The stranger began to laugh-probably the goofiest laugh Frisk had ever heard in her short decade of living. It was a short series of snorts and chuckles that somehow made her fear dissipate; in fact, the laughter was so ridiculous that immediately she wanted to laugh too.

"Ah, the old whoopie-cushion-in-the-hand trick," the stranger managed to say through his laughter. Frisk slowly retracted her hand from his, and jumped a little-his fingers were bone. Letting her eyes travel upward, taking in slipper-bound feet, basketball shorts, and a blue hoodie that was fuzzy on the inside, she eventually found his face. Frisk barely restrained a gasp. He was a skeleton! Her first instinct was to again be frightened, but he grinned widely at her.

And that was how she met Sans.

From that moment in the dark forest outside of Snowdin, they started to form a great bond. Frisk and Sans became fast friends. Soon after, she met Sans' younger brother, Papyrus-who she had a series of odd and often embarrassing misunderstandings with, including a very peculiar date-who she grew to love as well. Together with her friends the Skeleton Brothers and a few others she had bonded with along the way, Frisk became the Underground's hero, breaking the seal that had kept all the monsters hidden away for so long.

King Asgore and Toriel adopted her and loved her like she was their own flesh and blood, and Frisk lived happily with her friends in the Underground while monsters were slowly making their way to the surface to walk amongst humankind once more. It was a good life. Frisk loved it here. She was nineteen now, and had traveled to almost every corner of the Underground, making friends and spreading her own kind of infectious optimism wherever she went.

Of course, the Underground was emptying.

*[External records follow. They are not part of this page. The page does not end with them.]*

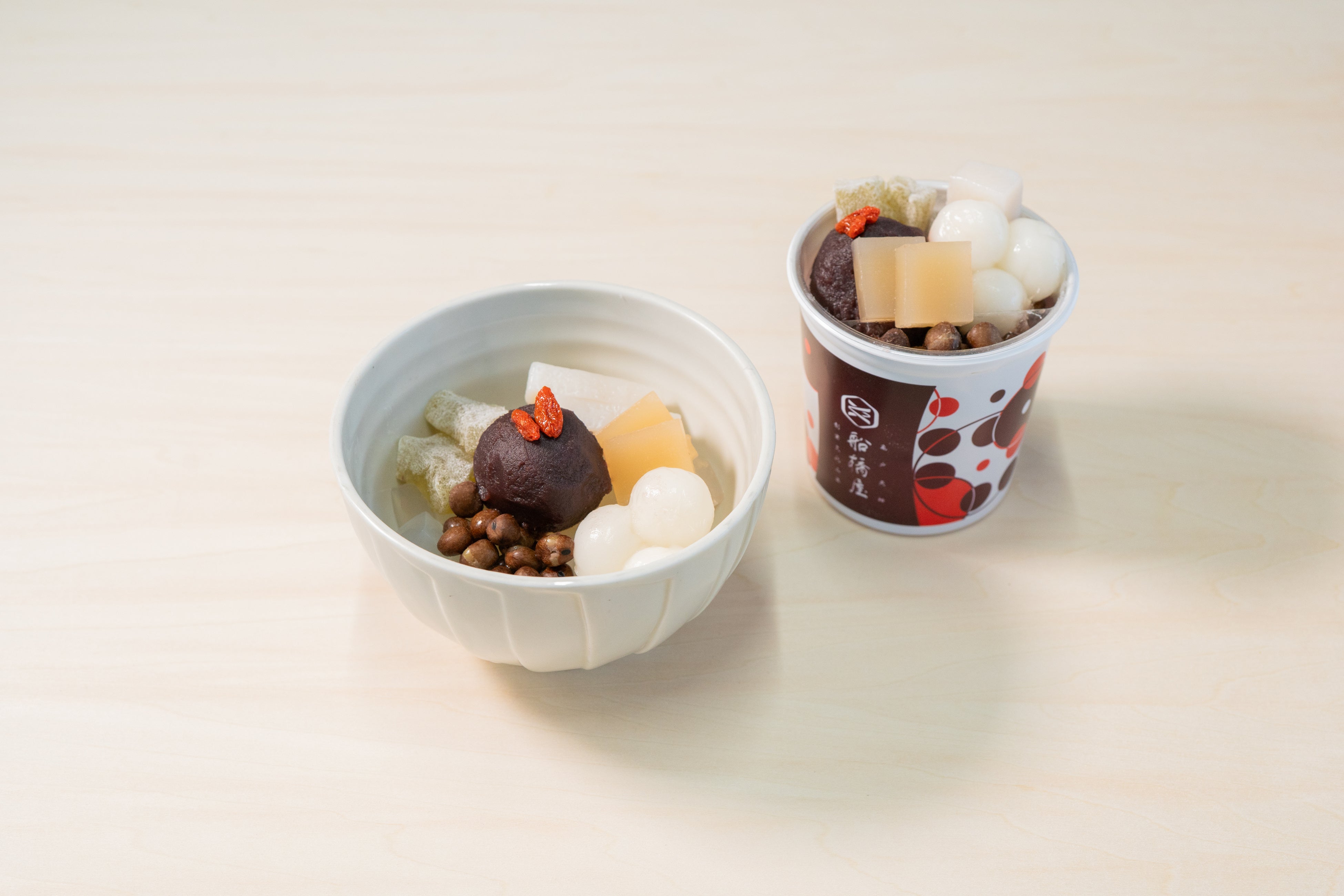 船橋屋自慢のこし餡とくず餅の楽しめる定番あんみつです。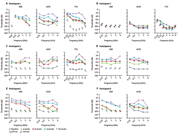 图 RRG-003基因治疗前后的受试者听力 在国家自然科学基金项目(批准号:82225014、82192864、82171148)等资助下,复旦大学附属眼耳鼻喉科医院舒易来教授、李华伟教授牵头开展全球首个先天性耳聋基因治疗的临床试验并取得进展,研究成果以“AAV1-hOTOF基因治疗常染色体隐性遗传性耳聋9:一项单臂研究( AAV1-hOTOF Gene Therapy for Autosomal Recessive Deafness 9: a single-arm trial)”为题于2024年1月25日发表于《柳叶刀》(The Lancet)杂志,论文链接:https://doi.org/10.1016/S0140-6736(23)02874-X
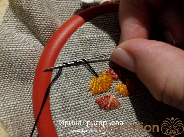 Вышейте стебли коричневой и зелёной нитями в одно сложение швом "шнурок". Сначала сделайте прямые стежки швом " вперёд иголку, далее, не прокалывая ткань, объвейте каждый стежок 2-3 раза.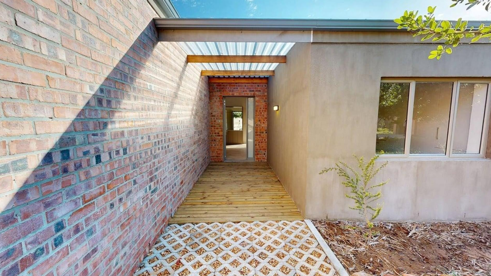 Gas geyser and backup water system included Communal greenbelt space for residents.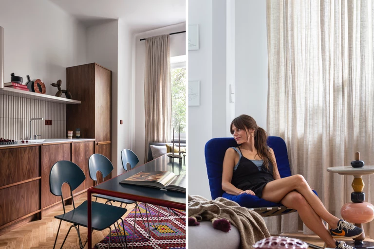 Zabudowa kuchenna urzeka orzechowymi frontami w ramce, które zestawiono z beżem trapezoidalnych płytek. Ich barwa została przeniesiona na szafkę okapową o zaoblonych bokach i półkę, na której stanęła drewniana rzeźba duńskiej marki boyhood przywodząca na myśl balonowe psy Jeffa Koonsa. Przytulności przestrzeni dodają piękny dywan przywieziony ze Stambułu oraz prosta sofa ustawiona na tle okna i zielonej roślinności. Duży stół połączono z niebieskimi, postmodernistycznymi krzesłami Mikado, zaprojektowanymi przez Waltera Leemana.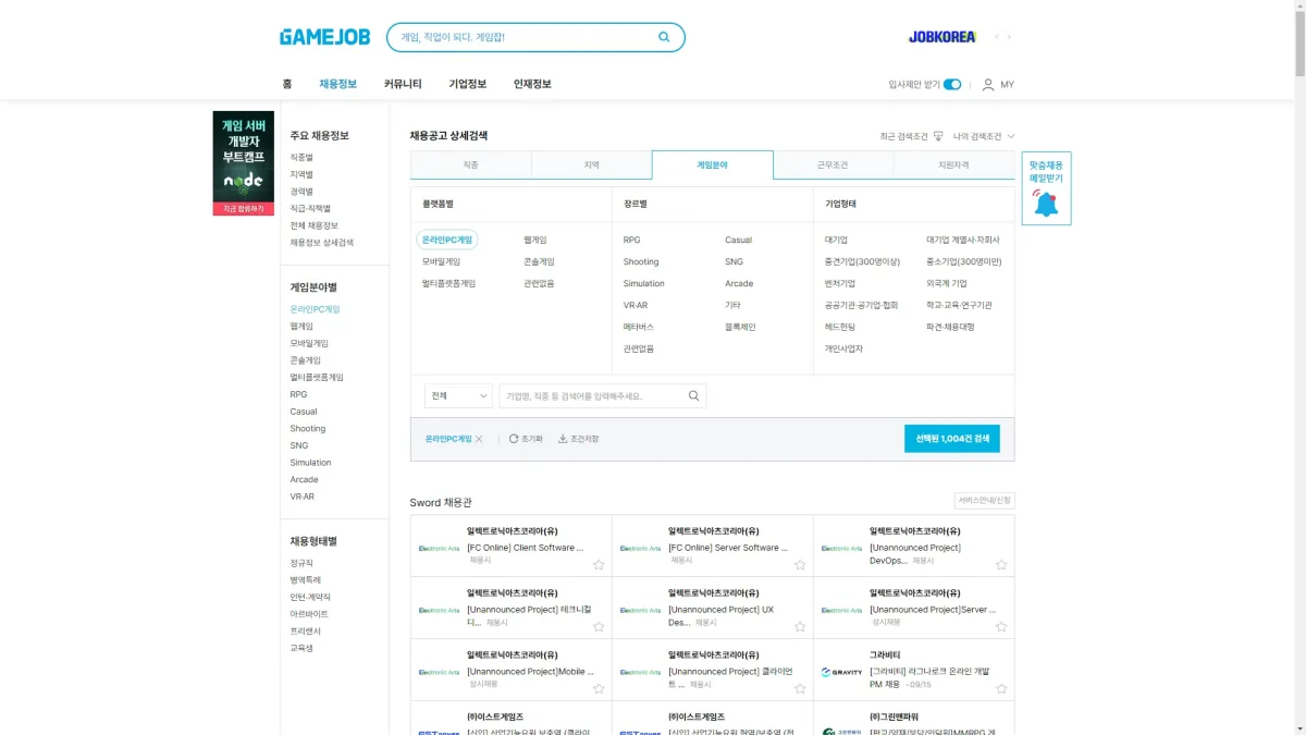 게임잡은 쉽게 말해 게임 업계의 사람인,잡코리아 같은 채용 사이트입니다.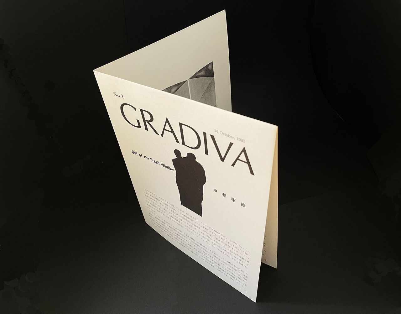 気楽な観客である訳だが、シュルレアリスムに共感する者として「街路の思想」を具体化する表現を考えた。美術家としてではなく、出版人としてである(大げさ)。それで、冊子を準備した。幸い勤務先の関係で編集、写植、写真、レタッチ、印刷に精通する友人・知人に恵まれていたので、酒宴の力を借りて同意を取り付け、大判四つ折りアンカットのシートを作成した。狙いは同時代の作家紹介、批評家と作家のコラボ。ギャラリー16の井上道子の推薦で美術家を中谷昭雄、批評家を中島徳博としての創刊号となった。冊子の名前は『グラディヴァ』──ブルトンが30年代に短期間運営した画廊の名前を拝借し、シンボルにマルセル・デュシャンの扉デザインを用いた。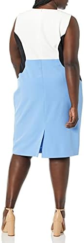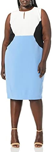 Sleeveless jewel neck color block dress in stretch crepe fabrication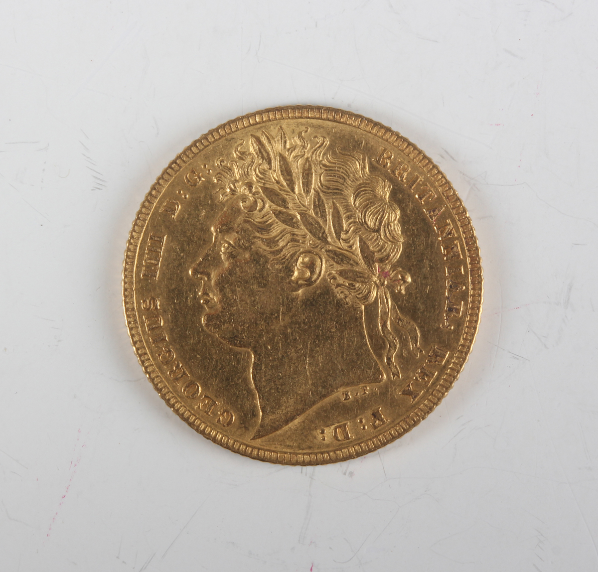 A scarce George IV sovereign 1822, first laureate head, Sp 3800 (good-very fine).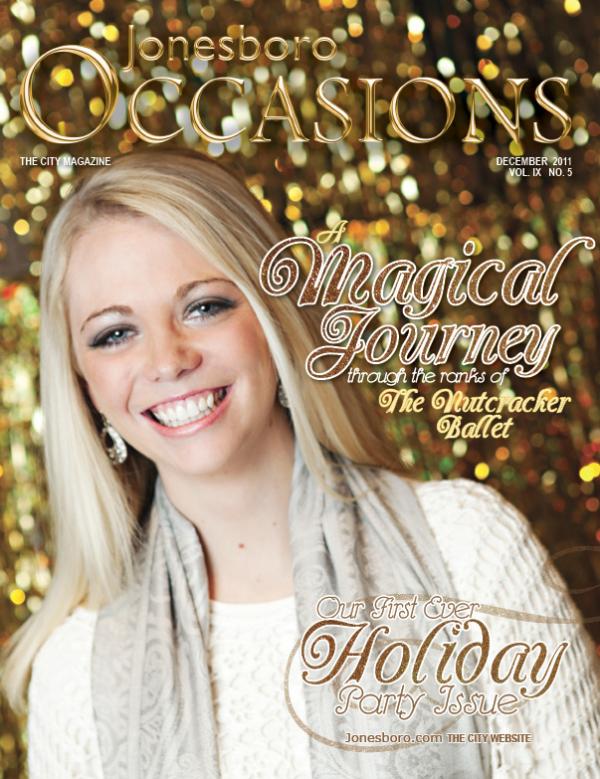 Jonesboro Occasions - December 2011 The December issue of Occasions is all about the holidays. It begins with a cover story on one of Jonesboro’s favorite Christmas traditions – the Foundation of Arts’ annual presentation of “The Nutcracker Ballet.” The ballet is a community favorite, and in the story, we meet many locals who have essentially grown up in the production. From Director LeeAnn Knierim to many of the lead dancers, participating in The Nutcracker Ballet has long been a part of their holiday season. This month’s magazine is also our first-ever party issue. In the special party section, you’ll find: Fun, Fab Gift Finds for the Hostess, all of which come from a few of your favorite local businesses; “Kathy Cardwell’s Holiday Party Tricks,” not to mention a couple of her amazing recipes in “A Party for Your Tastebuds;” our staff’s favorite holiday playlists for any occasion; and tips for how to “Spice Up Your Holiday Gathering with Live Local Music.” This issue also features: CASA’s Festival of Chairs, a silent auction for those who refuse to be silent about child abuse; Trim the Tree, a seasonal specialty store that is known for its bold, glitzy approach to holiday décor; Pamela Overstreet of Pamela Anne’s – Delivering Desserts from Down Home to Decadent, a home bakery made possible by the recent passing of the cottage food law; and Jan Bennett-Troutt’s seasonal hand painted figurines in Gallery O. And you know you can always count on Occasions for our Datebook and our Dining Guide. November was a very busy month in Jonesboro, so our December issue has event photos from the Breakfast with Ballerinas, the March of Dimes’ Signature Chef’s Auction, the DSO’s Celtic Rhapsody Gala, the Grand Opening of St. Bernards’ Health and Wellness Institute, Art with Heart, The Multicultural Dinner and Dance, the Best Buddies Kickoff, the ASU Alumni Homecoming Tailgate, the first-ever DSO Holiday House, the Jingle Bell Run, the 20th Century Club’s 110th anniversary, ASU’s Distinguished Alumni Reception, a Disney Princess’ visit to The Learning Center, Sean Shrum’s Fall Show, Sara Howell’s Fall Show, Gallery 451’s Rock and Roll Art Show and Business Occasions. For even more photos, click on “Event Galleries” on Jonesboro.com or scan the QR code in your copy of the magazine. Click HERE to read our December issue online, and as always, you'll be able to find the magazine all around town at all of your favorite local businesses. [+] add comment

More and more monsters were making their way to the surface now that peace with the humans had been made, and Frisk knew that eventually she would have to go Up. The thought scared her. She had spent half of her life here, how could she go back to something she barely remembered? But she knew her friends would be with her and a home was ready for her when she got Up There. That was a comfort, at least. Still, the realization that she would never see this place again lingered in her mind, sometimes keeping her awake at night.